+++ PROVIDED RECORDS +++
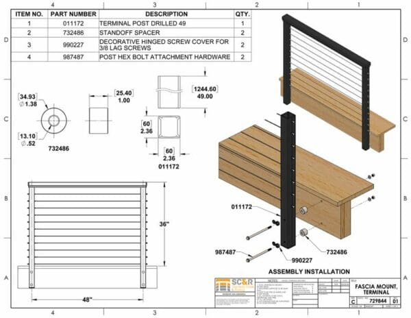 The FASCIA MOUNT TERMINAL POST mounts directly to the rim joist or fascia board by attachment hardware. Usually these are lag bolts (sold separately).
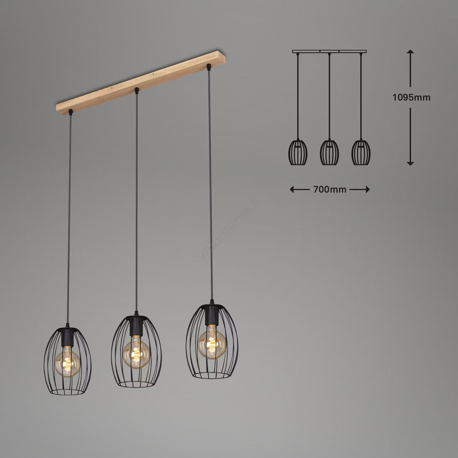 Brilo - Kattokruunu johdossa WAKTU 3xE27/60W/230V kumipuu | Valomania
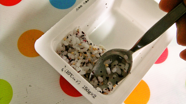 ごはんを適当な「型」(写真は“お豆腐”の空き容器)に入れ、スプーンでぎゅっぎゅっと押します。
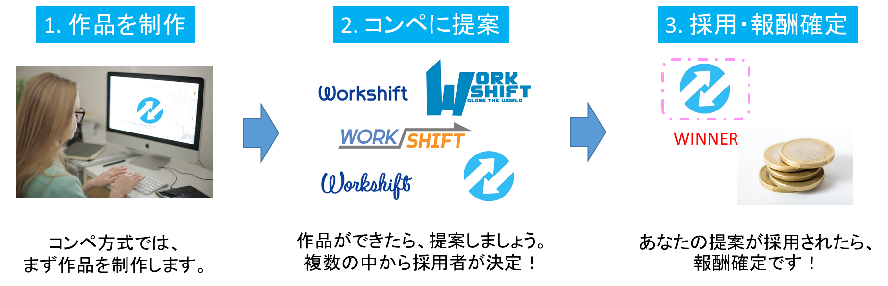 「コンペ方式」は名前の通り、クライアントの依頼に対して直接仕事を行います。
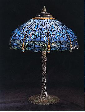 bronze, 31 1/2 x 22 inches, Hanging-head Dragonfly Lamp, c. 1900-1910, leaded
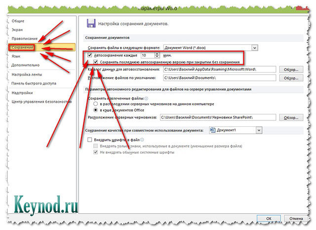 Если вы хотите изменить частоту, с которой Microsoft Word автоматически сохраняет восстанавливаемую копию документа, выполните следующие действия.По умолчанию установлено время 10 минут.
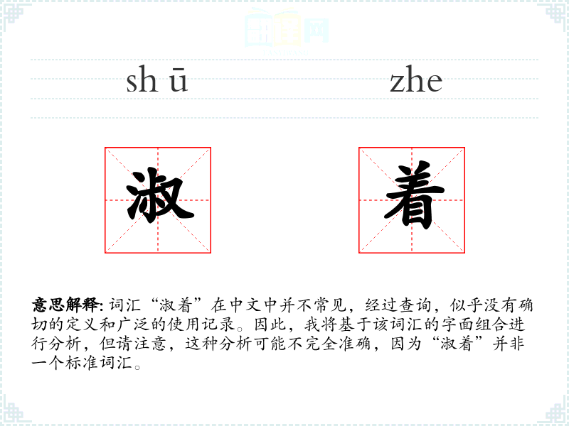 词汇“淑着”在中文中并不常见,经过查询,似乎没有确切的定义和广泛的使用记录。因此,我将基于该词汇的字面组合进行分析,但请注意,这种分析可能不完全准确,因为“淑着”并非一个标准词汇。
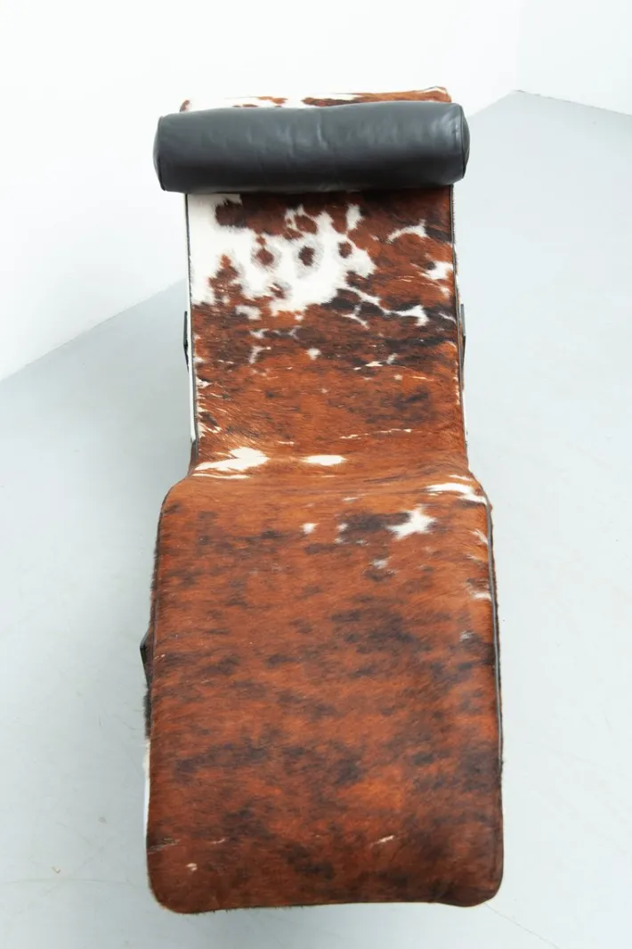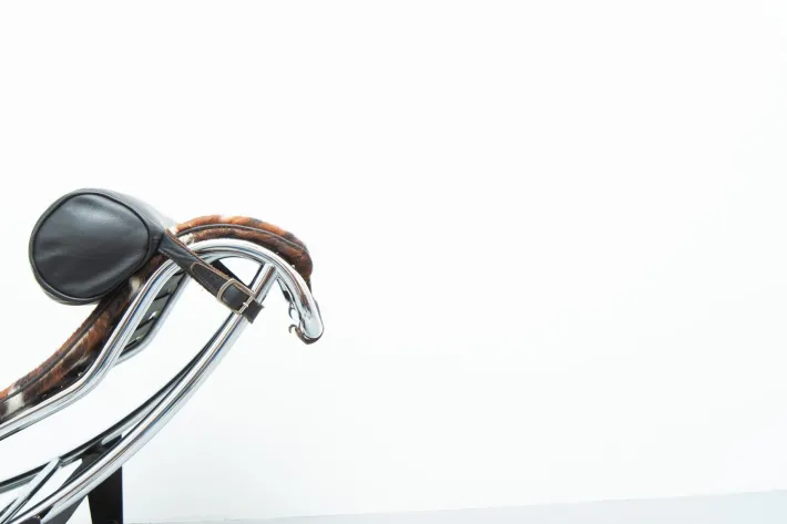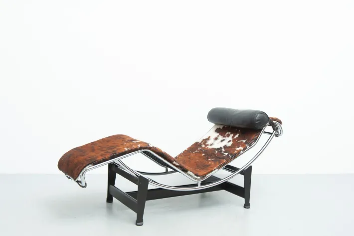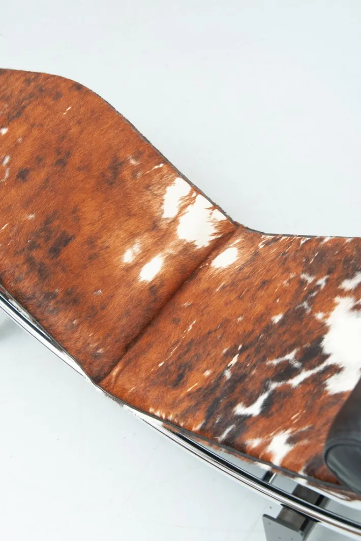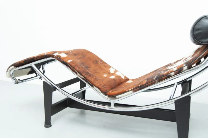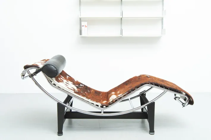 The chrome-plated steel frame rests loosely on a black base and is infinitely adjustable – from upright to reclining. The lounger is covered in hide leather. The LC4 has been produced by Cassina since 1964.
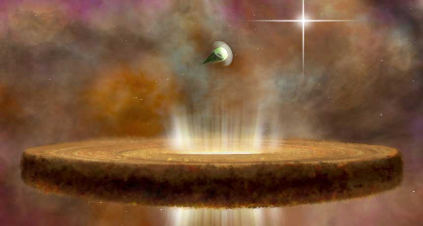 DUST BUSTER In the Orion Nebula, some dusty disks surrounding young stars, as seen in this artist’s rendition, survive despite their proximity to Theta1 Orionis C, the bright star shining in the background. Stars closer to the massive star have lost most of their dust.
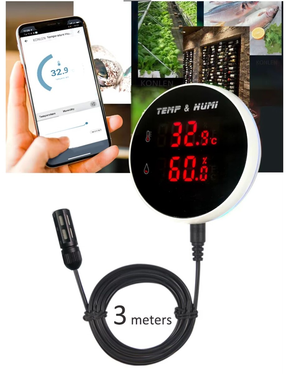 Датчики с круглым экраном. В данном случае датчик от Konlen. Аналогичный продается как Haozee. Два варианта датчика. Датчик температуры во влагозащищенном исполнении и датчик температуры и влажности. Датчик температуры и влажности не влагозащитный. В воду опускать нельзя и не работает при сильном конденсате. Длина кабеля 1 метр и 3 метра. Подключение датчика снизу корпуса на специальный разъем. Параметры продукта Питание от: адаптера питания постоянного тока 5 В, 1 А с USB-кабелем (входит в комплект).
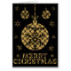 Escolha entre designs deliciosos nestes Cartões de Natal com um padrão de xadrez preto e ouro atrás de um padrão de recorte preto com uma mensagem de Natal
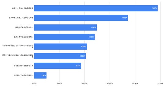 「めまい、立ちくらみ(約24.5%)」が圧倒的多数。一方で、「イライラや不安(約10.5%)」「肌荒れ・髪の脱毛(約10.3%)」についての認知は半数以下に留まりました。
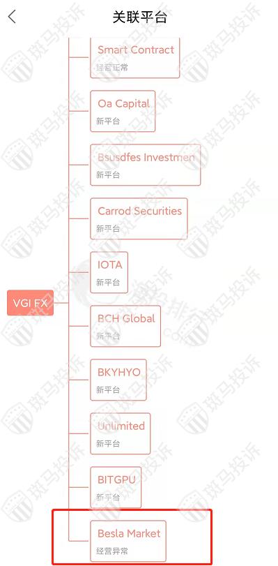 主白标关系显示,VGI FX平台和23家平台存在关联,其中Besla Market平台经营异常。
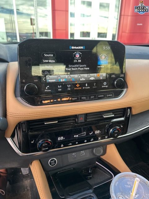 The 2023 Nissan Rogue Platinum offers advanced efficiency, premium comfort, and modern styling in a well-cared-for one-owner compact SUV. This 4D Sport Utility is finished in sleek Super Black, giving it a sophisticated and upscale appearance. Power comes from the innovative 1.5L turbocharged 3-cylinder engine producing 201 horsepower, paired with a smooth CVT with Xtronic for responsive and efficient performance. The FWD drivetrain enhances fuel economy while delivering confident everyday drivability. Inside, the Platinum trim features a luxurious tan leather interior, creating a refined and comfortable cabin with premium materials and thoughtful design throughout. Known for its advanced engineering and practicality, the vehicle provides a quiet, comfortable ride for commuting and road trips alike. With its one-owner history, premium features, and impressive efficiency, the 2023 Nissan Rogue Platinum is an excellent choice for drivers seeking a modern, well-equipped compact SUV.
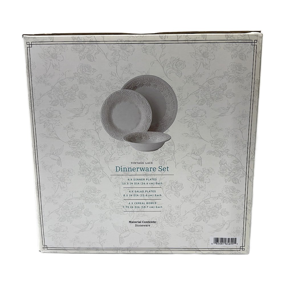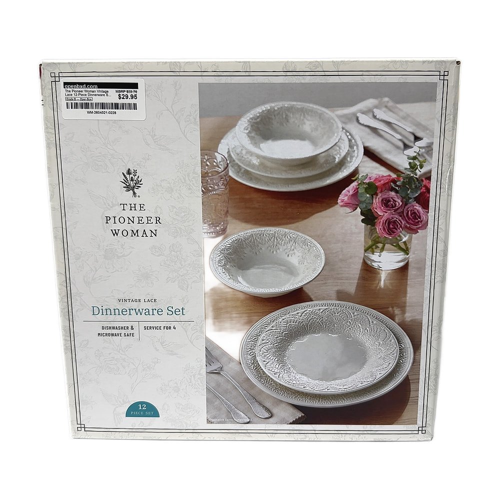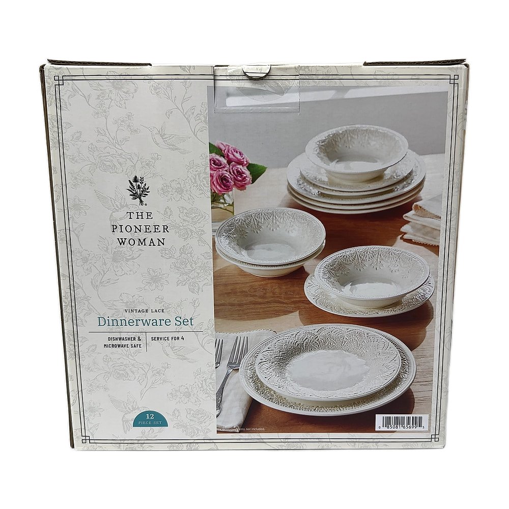 The Pioneer Woman Vintage Lace 12-Piece Dinnerware Set, Linen
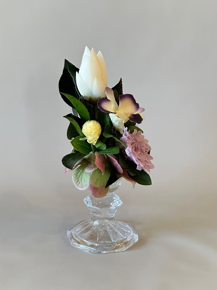 プリザーブドフラワー モダン仏花 ガラススタンド 蓮(全高20cm)
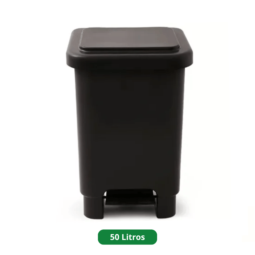 Lixeira Quadrada com Pedal 50 Litros Preta Lar Plásticos
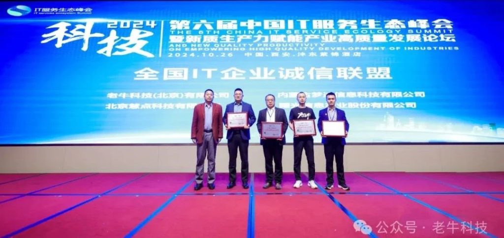 在2024年10月26日于西安举行的高度期待的第六届中国IT服务生态峰会上,我单位荣获了诚信联盟授牌。本次峰会由于其在推动数字经济和探索新质生产力方面的重要作用而受到全国乃至全球范围内的极大关注。在激烈的竞争中,我单位凭借过去一年内在IT服务领域内的杰出表现和创新性成果,从众多参评单位中脱颖而出。本次获奖不仅是对我们团队辛勤工作的肯定,更是对我们研发能力和服务质量的高度认可。
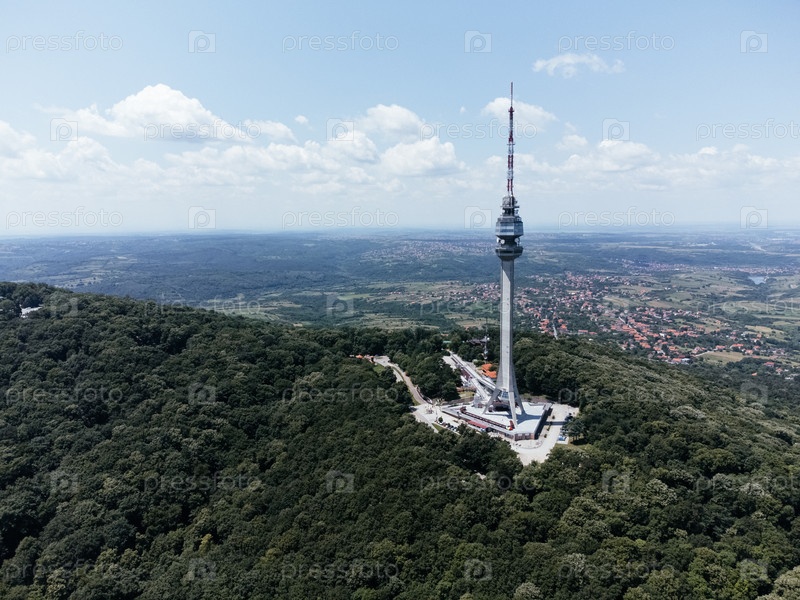Вид с воздуха Авальской телебашни, возвышающейся над зеленым лесом недалеко от Белграда в Сербии
+++
• [WORK TO COMPLETE] Take the lines above starting at the one containing "DUST BUSTER In" and ending at the one containing "Датчики с круглым", and print them again exactly, without pictures.

• [OUTPUT OF THE EXERCISE]
 DUST BUSTER In the Orion Nebula, some dusty disks surrounding young stars, as seen in this artist’s rendition, survive despite their proximity to Theta1 Orionis C, the bright star shining in the background. Stars closer to the massive star have lost most of their dust.
 Датчики с круглым экраном. В данном случае датчик от Konlen. Аналогичный продается как Haozee. Два варианта датчика. Датчик температуры во влагозащищенном исполнении и датчик температуры и влажности. Датчик температуры и влажности не влагозащитный. В воду опускать нельзя и не работает при сильном конденсате. Длина кабеля 1 метр и 3 метра. Подключение датчика снизу корпуса на специальный разъем. Параметры продукта Питание от: адаптера питания постоянного тока 5 В, 1 А с USB-кабелем (входит в комплект).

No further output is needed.